Stolperstein für Rosa Willinger
Sie war eine außergewöhnliche Frau: Vor über einem Jahrhundert, 1912 bis 1916, als Frauen noch nicht einmal das Wahlrecht hatten, führte sie bereits ein Damen-Konfektionsgeschäft unter ihrem eigenen Namen (und nicht etwa unter dem ihres Mannes) auf der Graf-Adolf-Straße unweit der Kö. Rosa Willinger war eigenständig und emanzipiert. Zudem besaß sie einen Sinn für Internationalität und PR, denn das Mode-Geschäft nannte sie „Louvre“. Sie warb mit französischem Flair – ungeachtet der damals in deutschen Kreisen weit verbreiteten Ansicht von Frankreich als dem „Erzfeind“. Außerdem war sie Mutter von fünf Kindern, von denen die drei Söhne – Ismar, Kurt und Guido Willinger – unsere Schule besuchten und zur ersten Generation von Comenianern gehörten.
Als Juden wurden die Willingers in der Zeit des Nationalsozialismus verfolgt, vertrieben – und ermordet: Ismar, Kurt und seine Frau Hedwig, Guido und seine Frau Edith, sowie Rosa selbst – sie alle starben in Vernichtungslagern der Nazis. Einer der wenigen Überlebenden der Familie ist der heute 82jährige Gershon Willinger, der Sohn von Guido und Edith, den die Eltern im niederländischen Exil zu verstecken versuchten, der verraten und noch als Kleinkind in Konzentrationslager verschleppt wurde. Diese Woche jedoch ist er unser Gast – und wir können, in Kooperation mit der Mahn- und Gedenkstätte und der Stadt Düsseldorf, gemeinsam seine Großmutter ehren.
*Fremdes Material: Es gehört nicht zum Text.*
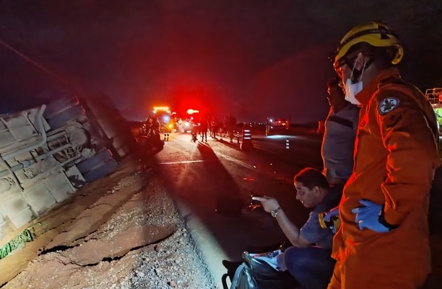 Um ônibus de viagem tombou e deixou 6 pessoas gravemente feridas, na madrugada desta quarta-feira (14), por volta de 1h30, no km 678 da BR-163, em Lucas do Rio Verde. O veículo seguia na rodovia e transportava 26 passageiros no momento do sinistro.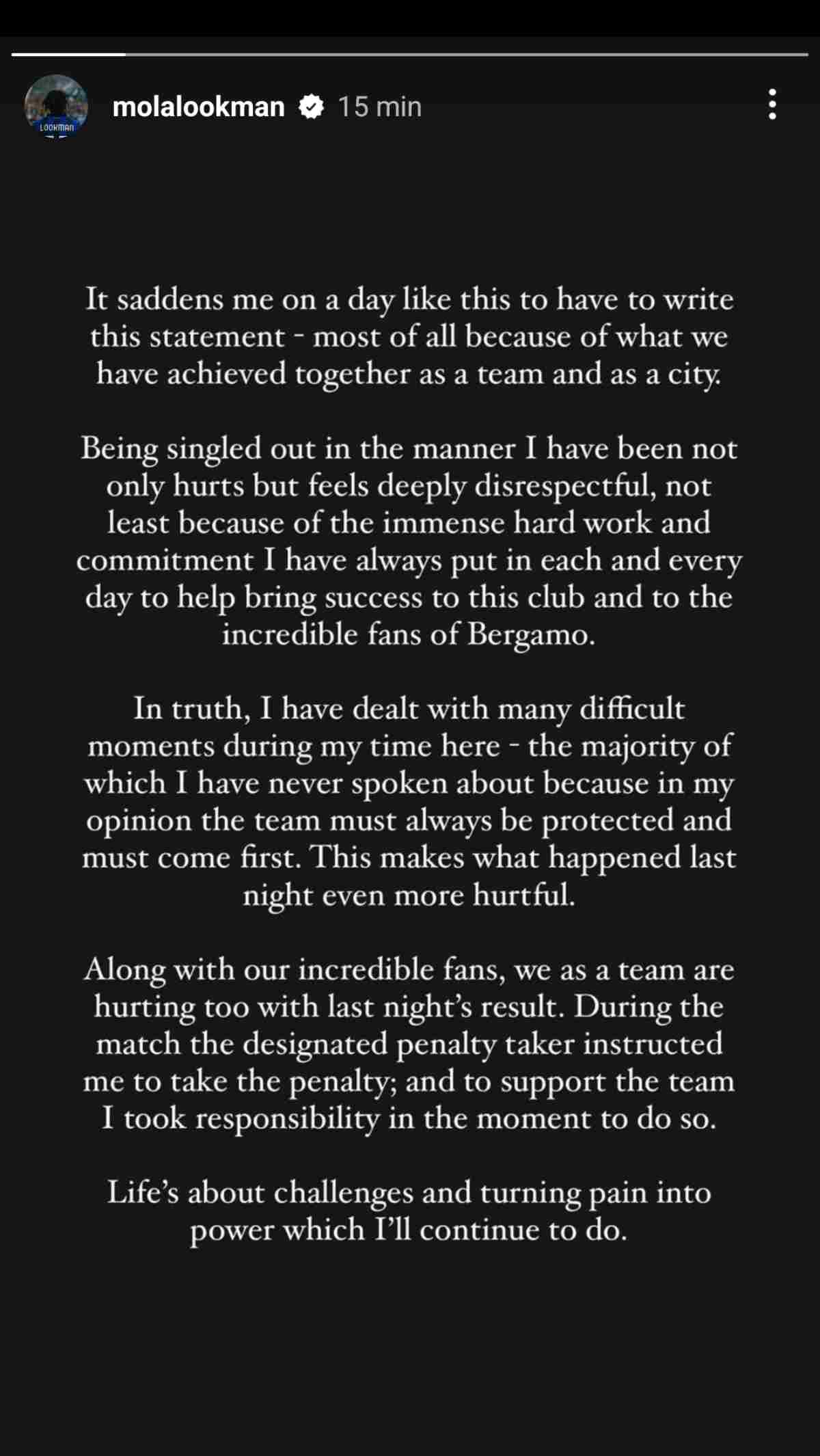 Lookman ha voluto anche aggiungere che chi doveva calciare il rigore gli ha ceduto il pallone: “Durante la partita il rigorista designato mi ha ordinato di tirare il rigore; e per supportare la squadra mi sono assunto la responsabilità di farlo in quel momento. La vita è fatta di sfide e di trasformare il dolore in potere, cosa che continuerò a fare”.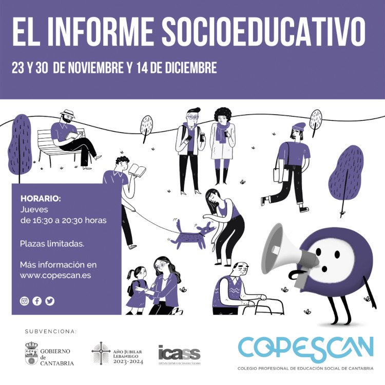 El Colegio Profesional de Educación Social de Cantabria (COPESCAN) organiza la siguiente propuesta formativa:
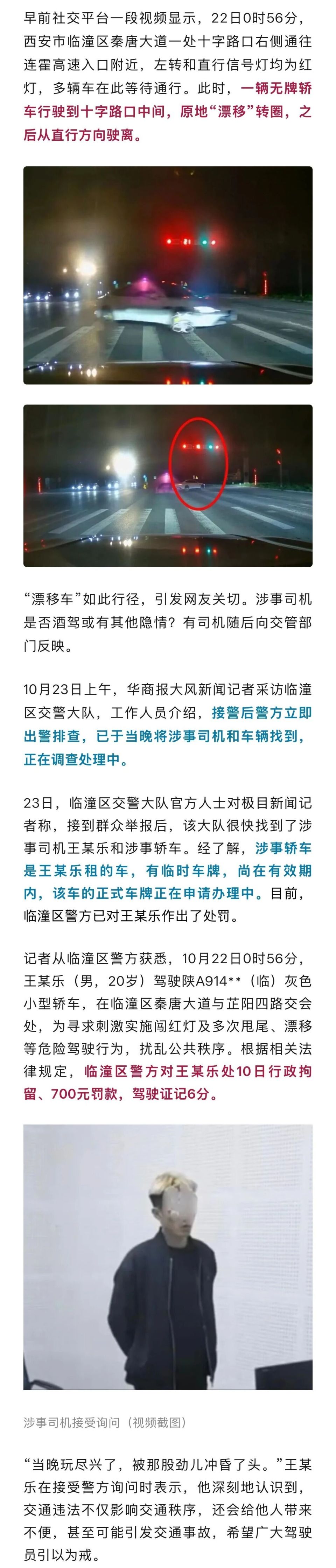 10月22日凌晨,一辆未挂车牌的轿车在西安临潼区十字路口漂移,引发关注。23日,记者从临潼区警方获悉,涉事司机被处10日行政拘留、700元罚款,驾驶证记6分。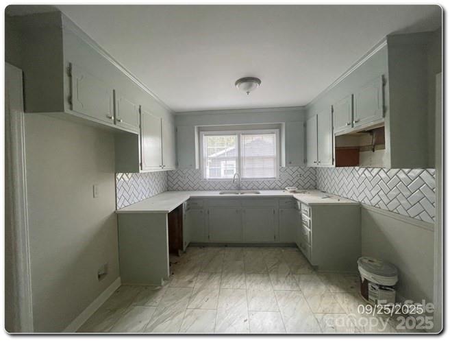 This fabulous, updated ranch is perfectly situated just minutes from I-485, offering both convenience and tranquility. Step inside to discover a thoughtfully updated interior featuring a blend of stylish tile and warm wood flooring throughout. The kitchen shines with crisp white cabinetry, a modern white tile backsplash, and ample counter space—ideal for cooking and entertaining. Enjoy the serene, wooded backyard from your expansive deck, perfect for relaxing or hosting gatherings in a peaceful natural setting. Don't miss the chance to own this charming, updated home in a prime location!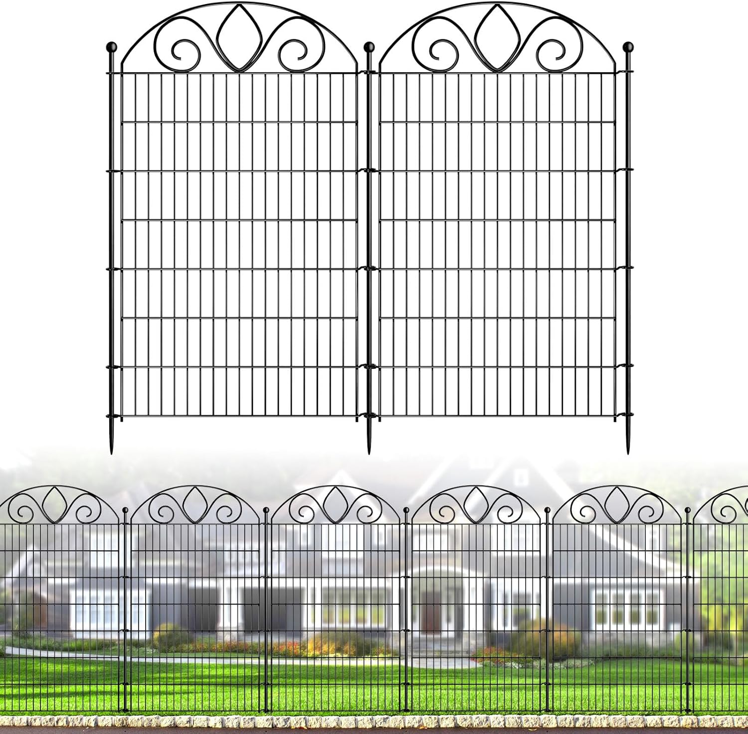 4 Panels No Dig Tall Garden Fence Panel – 48" H X 10.5' L Rustproof Metal Dog Fence Outdoor for Yard, Decorative Animal Barrier Fence for Pet, Garden Border, Patio, Flower Beds| Temporary Fencing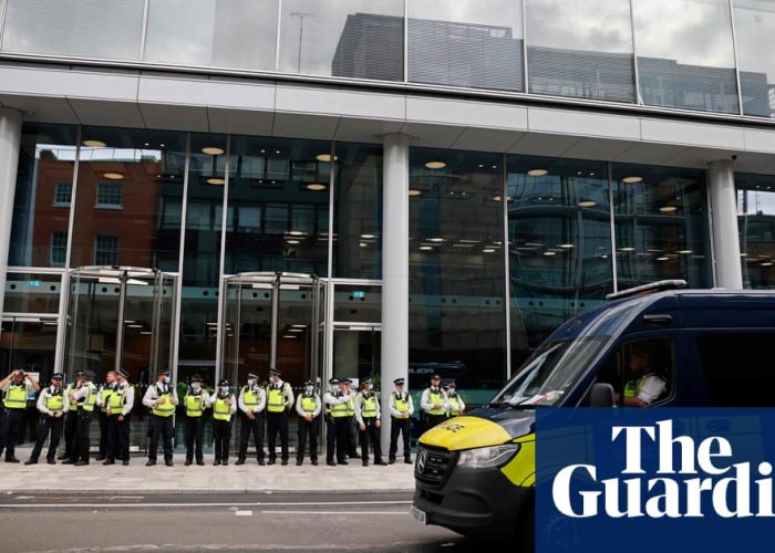 After marching from Kings Cross station to ITNs Grays Inn Road headquarters, protesters were met by two uniformed policemen guarding the buildings revolving doors. However, they were immediately let through an emergency exit by what appeared to be a supporter who was already inside the building.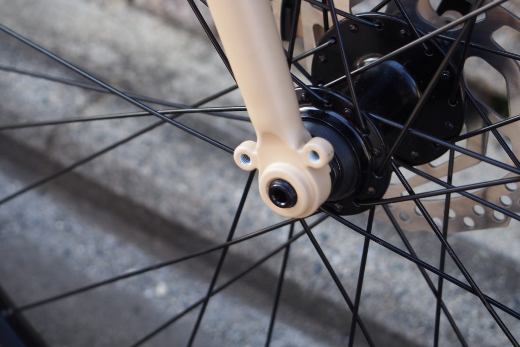 スルーアクスル規格は車輪脱着時にも常にホイール位置が定位置に設定されますので、輪行もしやすくあります。

Als erster Schritt wurde vor dem Wohnhaus der Familie in der Oberkasseler Leostraße 7 ein Stolperstein für Rosa Willinger verlegt. Dabei trugen Schüler*innen der Geschichts-AG ihre Forschungsergebnisse über das Leben dieser außergewöhnlichen Frau vor. Dass Rosa nicht nur Schüler-Mutter sondern auch eine Pionierin weiblichen Unternehmertums war, wusste auch ihr Enkel bisher nicht. Gershon Willinger sprach dann das jüdische Totengebet Kaddisch für seine Großmutter. Drei Schüler*innen der Klasse 10d teilten mit den ca. 200 Anwesenden ihre Gedanken über die Bedeutung dieses Stolpersteins für ihre Zukunft. Das Gedenken endete damit, dass viele Anwesende Blumen an dem frisch verlegten Stolperstein ablegten.
Geboren wurde Rosa Willinger unter ihrem Mädchennamen Meyer am 12.02.1878 in Flerzheim in der Nähe von Bonn. In diesem kleinen Ort ist die Familie schon seit Jahrhunderten nachweisbar, Rosa war also eine waschechte Rheinländerin. Ermordet wurde sie am 02.07.1943 im Vernichtungslager Sobibór im heutigen Polen. Auch dort will das Comenius-Gymnasium an diese außergewöhnliche Frau erinnern. Gemeinsam mit Gershon Willinger haben die AG-Schüler*innen unweit des Wohnhauses einen Stein am Flussufer des Rheins ausgewählt, der nun mit einer Gedenkplakette versehen wird und den sie während unserer Projektwoche Anfang Juli nach Sobibor bringen und in Erinnerung an Rosa Willinger ablegen werden – genau 81 Jahre, nachdem sie dort von den Nazis ermordet wurde.
Das Projekt wird von der Stiftung Erinnerung, Verantwortung und Zukunft (EVZ) gefördert.